などなど、書籍でいえばパラパラめくる程度でOK。

「読まずに積んでよい」と言い切った書籍『積読こそが完全な読書術である』が話題になりましたが、そのくらいのスタンスでもよさそう。

必要になったときに「あ〜、なんかやり方あったな〜」と思い出せたり、極端な話、「抜け道がある」ことがわかればいいんです。

別のパラシュート

この記事を書くにあたり『「超」勉強法』を読み返していたら、「パラシュート勉強法」について大きく思い違いしていたことに気づきました…

自分にとっての「パラシュート勉強法」はこんなイメージ。

まずは思い切って、飛行機から飛び降りる!
そのままだと落下して死んでしまうので、無我夢中でパラシュートを開き、生きて着地する。

得てして仕事では「取り組んだことがない」ことや「自分のスキルでは、ちょっとムリ目」なことが生じますが、そんなとき、基礎から勉強している時間はありません。

その場面では“付け焼き刃”的な対応でも、必要にかられ、“だましだまし”実践して仕事としてやり遂げること。
それを繰り返す結果、あるタイミングで点と点がつながるのです。

アンテナを立てる

年を重ねるごとに、新しいことを覚えたり、別のやり方をするのが億劫になります。自分も同じです。

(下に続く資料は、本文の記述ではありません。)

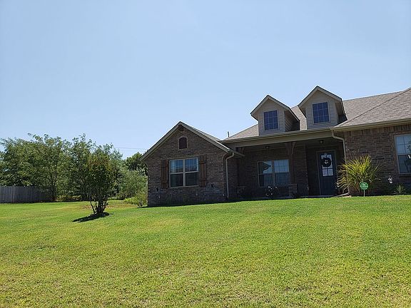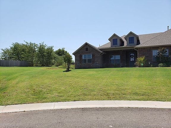 Five bedrooms; three bathrooms; Flex room that can be used as a theater, playroom or home office; Crown molding; Framed windows & front door; Formal entryway; 3 storage closets in west hallway; Kitchen has a walk-in pantry, gas cook top, double ovens, farm sink, dishwasher, microwave, garbage disposal and a breakfast bar; Breakfast nook/dining area opens up to living area with a corner fireplace; Master suite on west side of house has an en suite bathroom with a corner tub, split vanities, private toilet room, linen closet, and large walk in shower & closet. Laundry room/mud room on west side of house. 4 bedrooms, linen closet and 2 full baths located on east side of house. Well, Aerobic septic system, Water softener, Sprinkler system, and Security system. Covered north facing front porch and south facing back patio. 3 car garage, large 30 x 30 shop and extra concrete added for parking on west side of house. Partially fenced back yard. 3/4 acre on cul de sac lot.
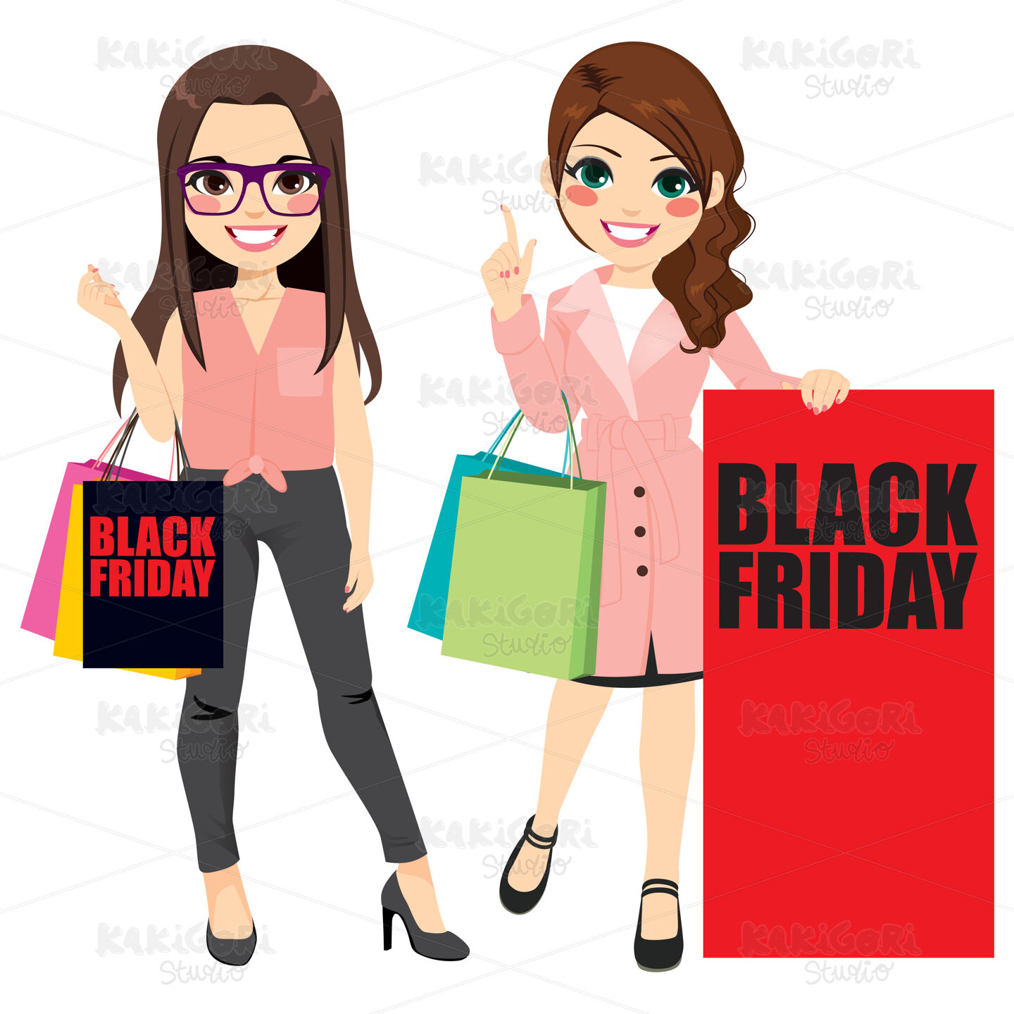 Beautiful fashion girls with shopping bags and two different clothing style on black friday event
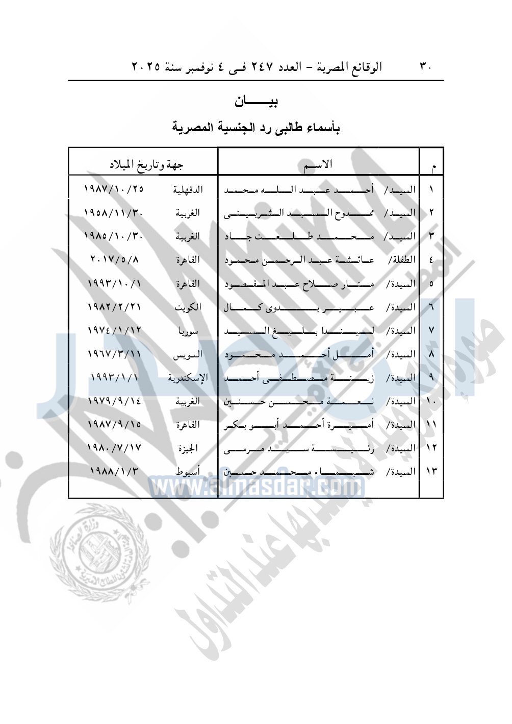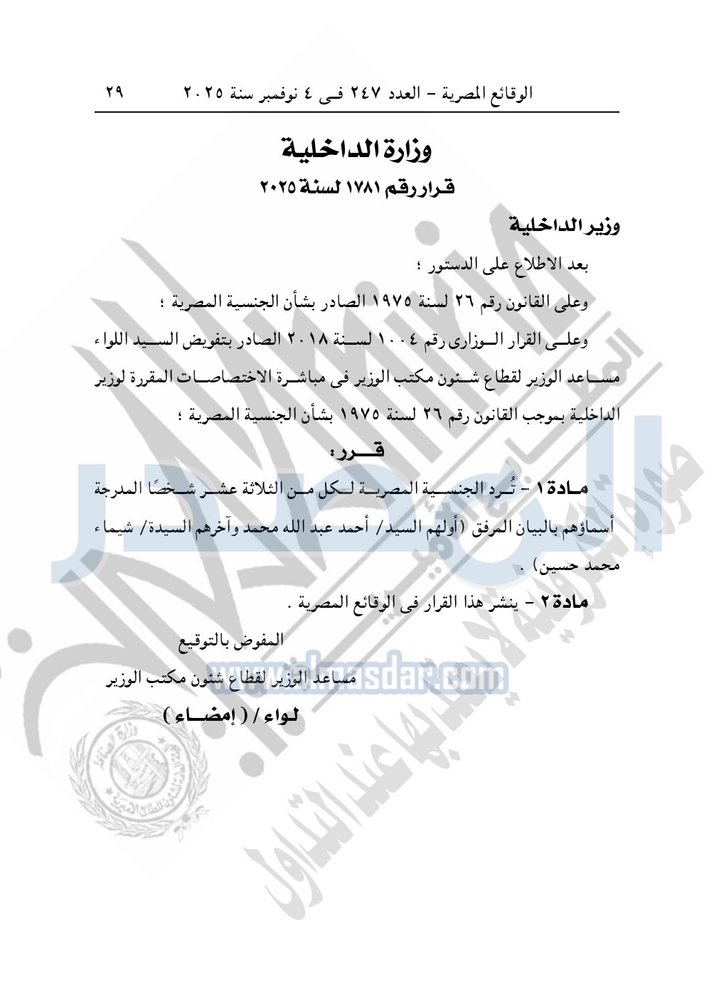 كما نشرت الوقائع المصرية في العدد 247 الصادر في 4 نوفمبر سنة 2025، قرار وزارة الداخلية، رقم 1781 لسنة 2025، بشأن رد الجنسية المصرية لـ13 شخص.
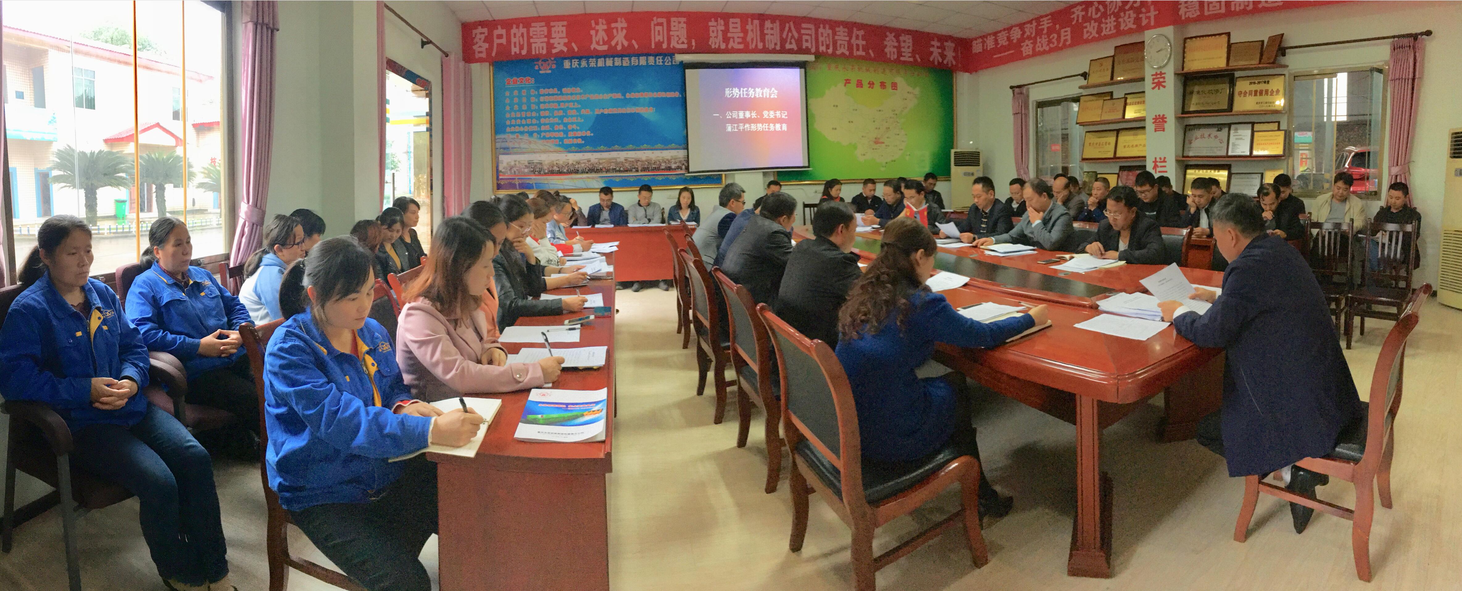 2019年10月21日,機制公司開展形勢任務教育,公司董事長蒲江平同志作形勢任務報告,監(jiān)事會主席黃清華同志作重要講話 。
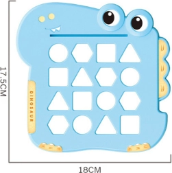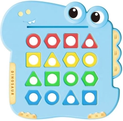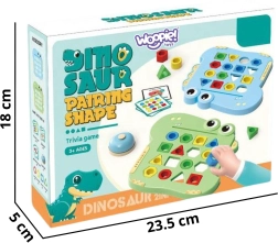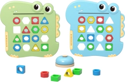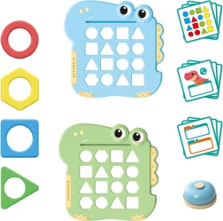 El set incluye dos tableros de dinosaurio, un conjunto de formas geométricas de colores, 48 cartas modelo y una campanilla para una emocionante partida a dos. Materiales resistentes, bordes suaves y colores intensos favorecen una manipulación segura y agradable.
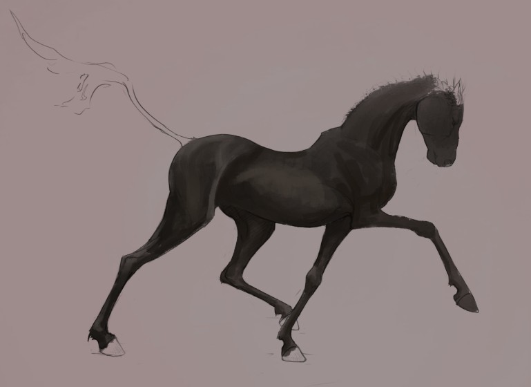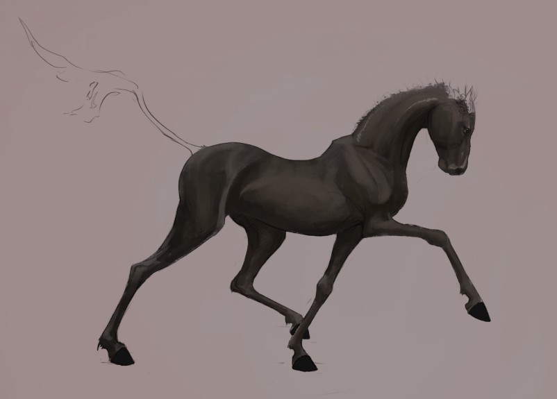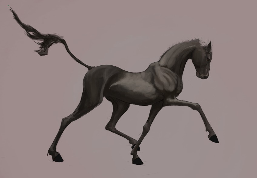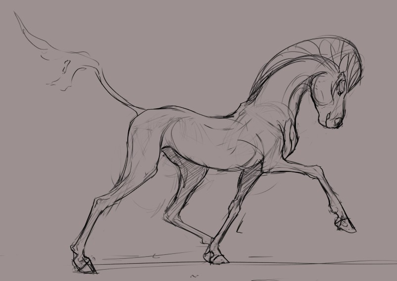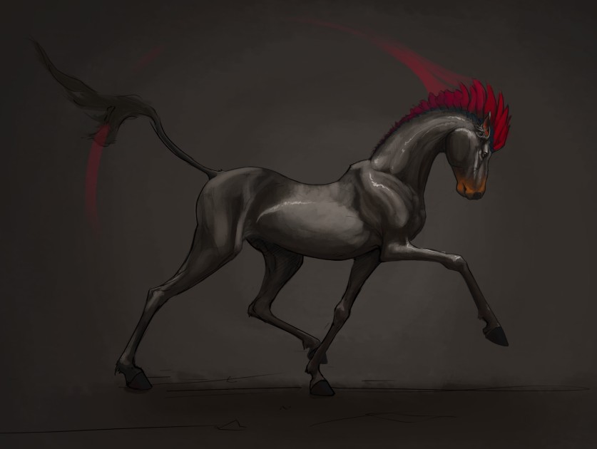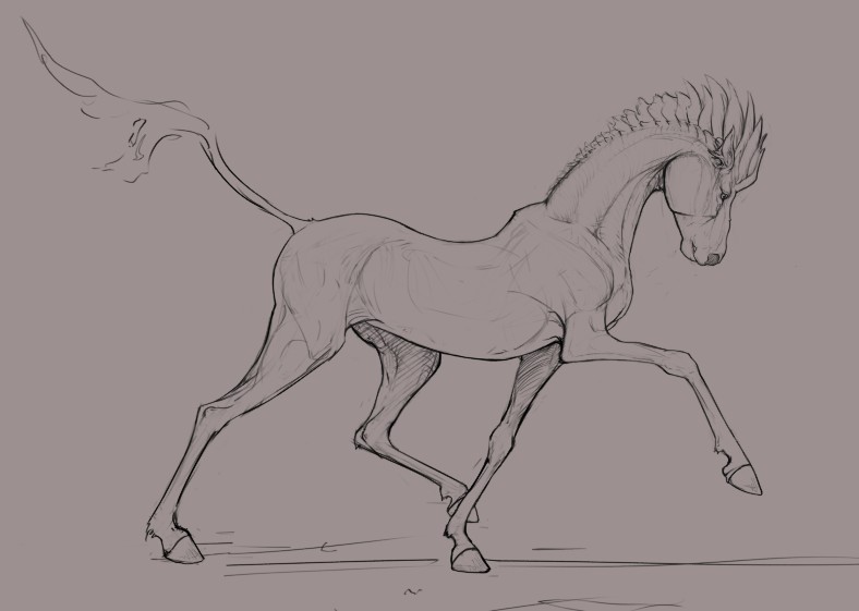 Started out as a deer/horse/dragon mix thing but ended up as a horse, however that drawing was too boring so I changed it back and added some really saturated colour. Took way too long though, like 6-7 hours. Process below!

ついつい後回しにしたいところですし、「まとまった時間ができたらやろう」と思いますが、まったくノータッチのままだと、気づくと何周も取り残されてしまいます。

ニュアンスとしてはこのくらいで十分。

  • 流し読み

  • ちょっとかじる

  • チラ読み

  • ブックマークしておく

特に今はAIの出現で、仕事のやり方・あり方が劇的に変わっていく折り返し地点を過ぎたところ。

いつもアンテナを立てて、少しずつ。
意識的に「おもしろがる」ことで楽しみながらキャッチアップしていきましょう!